| Instructions to follow |
Below are the records; copy exactly the stretch from the line containing "La Federación Cristiana" through the line containing "其次是考取华南师范大学学科教", both ends included, and nothing else.
** Dataset content follows **
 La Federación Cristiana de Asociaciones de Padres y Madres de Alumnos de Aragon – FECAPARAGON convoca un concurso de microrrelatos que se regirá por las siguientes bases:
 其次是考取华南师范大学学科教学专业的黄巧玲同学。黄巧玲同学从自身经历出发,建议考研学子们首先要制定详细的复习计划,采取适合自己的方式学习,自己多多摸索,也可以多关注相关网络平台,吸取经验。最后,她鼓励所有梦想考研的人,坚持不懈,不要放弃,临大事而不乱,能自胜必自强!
** End of Dataset content **
** Dataset content follows **
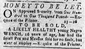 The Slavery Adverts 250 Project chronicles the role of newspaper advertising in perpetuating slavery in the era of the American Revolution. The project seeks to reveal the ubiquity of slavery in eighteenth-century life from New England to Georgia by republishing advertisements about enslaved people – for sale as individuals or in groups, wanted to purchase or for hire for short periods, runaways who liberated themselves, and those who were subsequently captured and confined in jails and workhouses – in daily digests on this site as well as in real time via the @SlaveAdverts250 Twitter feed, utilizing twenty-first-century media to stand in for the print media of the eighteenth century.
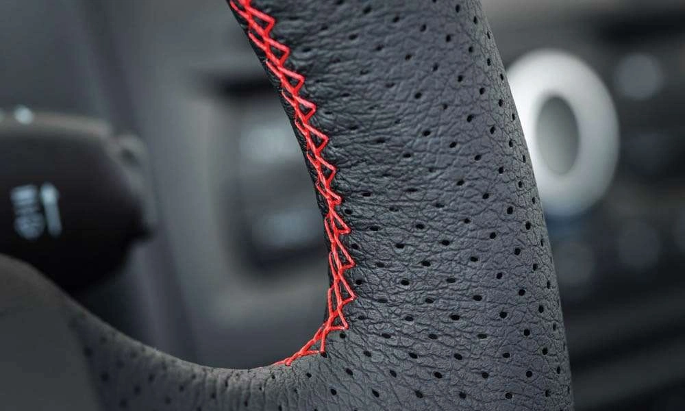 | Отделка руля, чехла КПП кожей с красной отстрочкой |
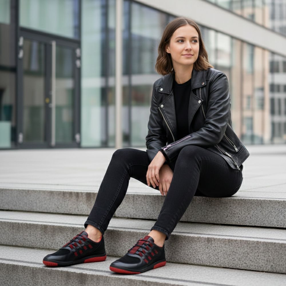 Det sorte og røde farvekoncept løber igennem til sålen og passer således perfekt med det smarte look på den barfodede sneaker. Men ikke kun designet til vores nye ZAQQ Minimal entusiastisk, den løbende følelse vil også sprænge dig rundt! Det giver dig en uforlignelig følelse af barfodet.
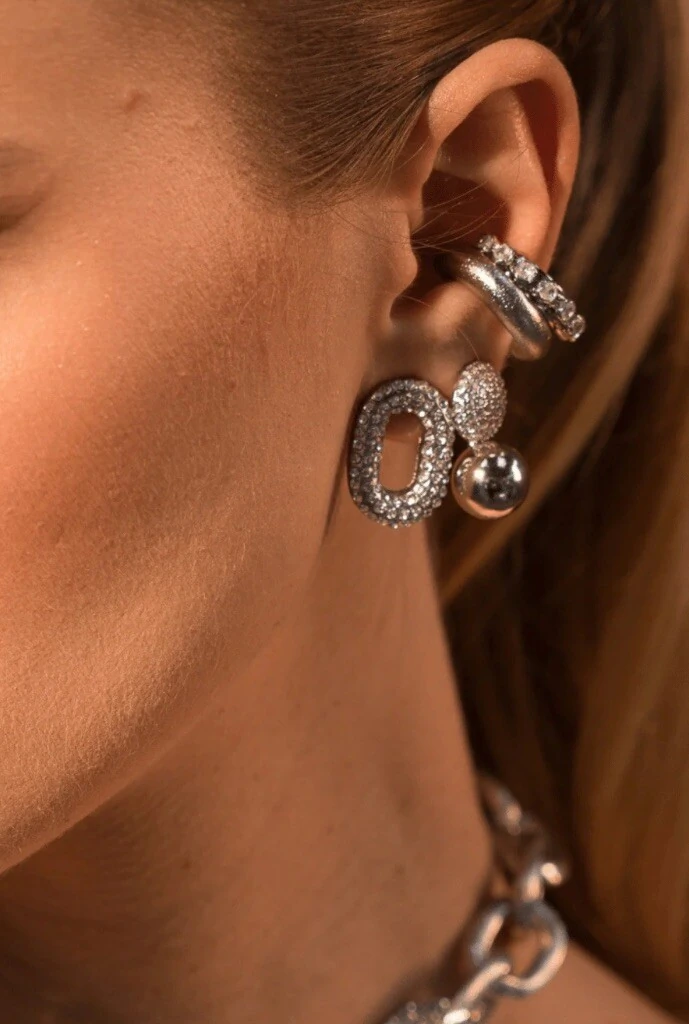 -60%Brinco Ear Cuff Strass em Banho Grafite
** End of Dataset content **
| Result of this task |
 La Federación Cristiana de Asociaciones de Padres y Madres de Alumnos de Aragon – FECAPARAGON convoca un concurso de microrrelatos que se regirá por las siguientes bases:
 其次是考取华南师范大学学科教学专业的黄巧玲同学。黄巧玲同学从自身经历出发,建议考研学子们首先要制定详细的复习计划,采取适合自己的方式学习,自己多多摸索,也可以多关注相关网络平台,吸取经验。最后,她鼓励所有梦想考研的人,坚持不懈,不要放弃,临大事而不乱,能自胜必自强!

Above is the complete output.